A verbatim repeat of the lines below is required, with the pictures removed.

*** Opening Data segment ***

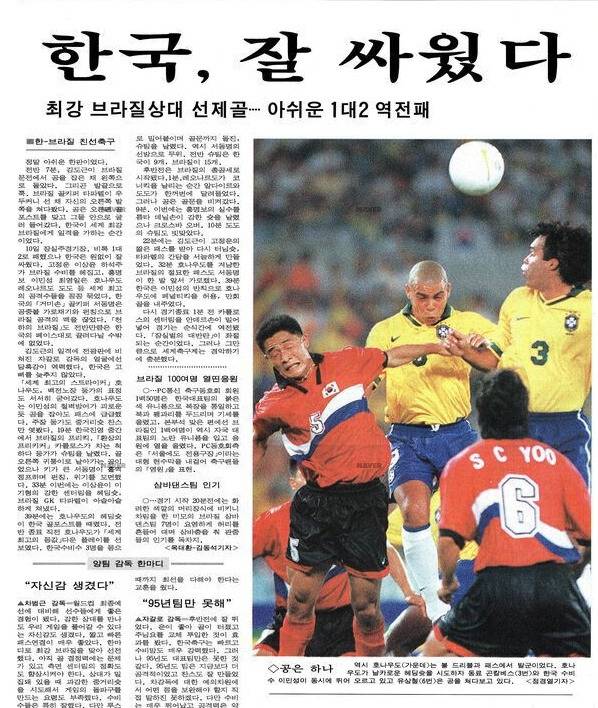 브라질의 라인업은 더욱 화려했다. 둥가, 레오나르두는 물론이고, 호나우두와 호베르투 카를로스, 데니우손 등이 모두 출전했다. 이를 상대로 한국은 전반 7분 김도근의 강력한 슈팅으로 앞서나갔다. 이후 한국은 후반 39분까지 리드를 지켰다. 다만 후반 39분 페널티킥으로 동점골을 내줬다. 그리고 경기 종료 1분전 안데르손에게 역전골을 허용하며 패배했다. 잠실벌의 대반란이 좌절되는 순간이었다.
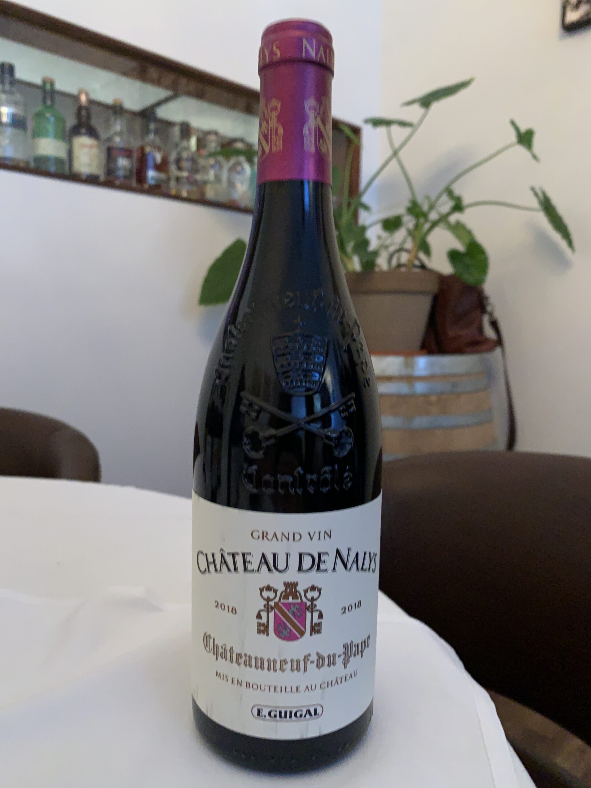 E. Guigal, Château de Nalys, Châteauneuf-du-Pape AOC, 2017, 127,50$, cépages : 60% Grenache,30% Syrah, 8% Mourvèdre, 2% Counoise et Muscardin, alc. : 15%, code SAQ : 14728617.
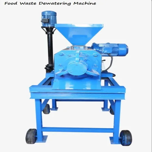Semi-automatic food waste dewatering device, 30 KLD capacity. Operates on 230V, 50Hz, single phase. Features preliminary to tertiary treatment stages. 1-year core component warranty.
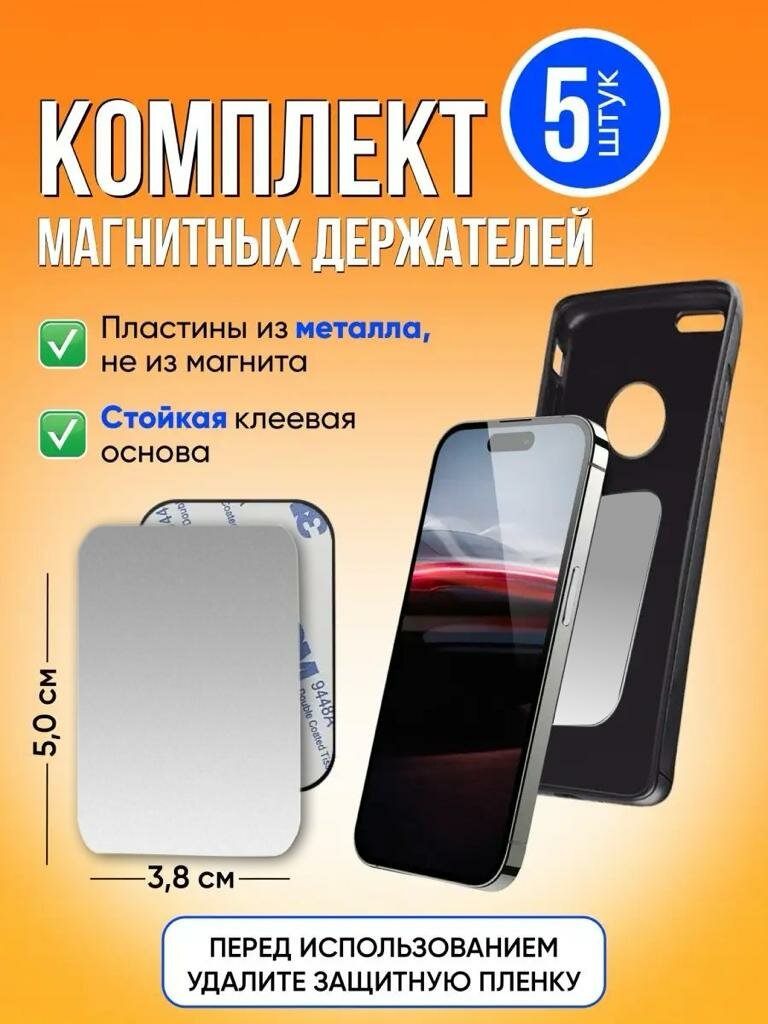 Пластина для магнитного держателя комплект 5 шт., магнитная металлическая пластина для держателя телефона, комплект для автодержателя смартфона, пластины - 5шт, 50х38 мм

*** Closing Data segment ***

Response to the exercise:
 브라질의 라인업은 더욱 화려했다. 둥가, 레오나르두는 물론이고, 호나우두와 호베르투 카를로스, 데니우손 등이 모두 출전했다. 이를 상대로 한국은 전반 7분 김도근의 강력한 슈팅으로 앞서나갔다. 이후 한국은 후반 39분까지 리드를 지켰다. 다만 후반 39분 페널티킥으로 동점골을 내줬다. 그리고 경기 종료 1분전 안데르손에게 역전골을 허용하며 패배했다. 잠실벌의 대반란이 좌절되는 순간이었다.
 E. Guigal, Château de Nalys, Châteauneuf-du-Pape AOC, 2017, 127,50$, cépages : 60% Grenache,30% Syrah, 8% Mourvèdre, 2% Counoise et Muscardin, alc. : 15%, code SAQ : 14728617.
Semi-automatic food waste dewatering device, 30 KLD capacity. Operates on 230V, 50Hz, single phase. Features preliminary to tertiary treatment stages. 1-year core component warranty.
 Пластина для магнитного держателя комплект 5 шт., магнитная металлическая пластина для держателя телефона, комплект для автодержателя смартфона, пластины - 5шт, 50х38 мм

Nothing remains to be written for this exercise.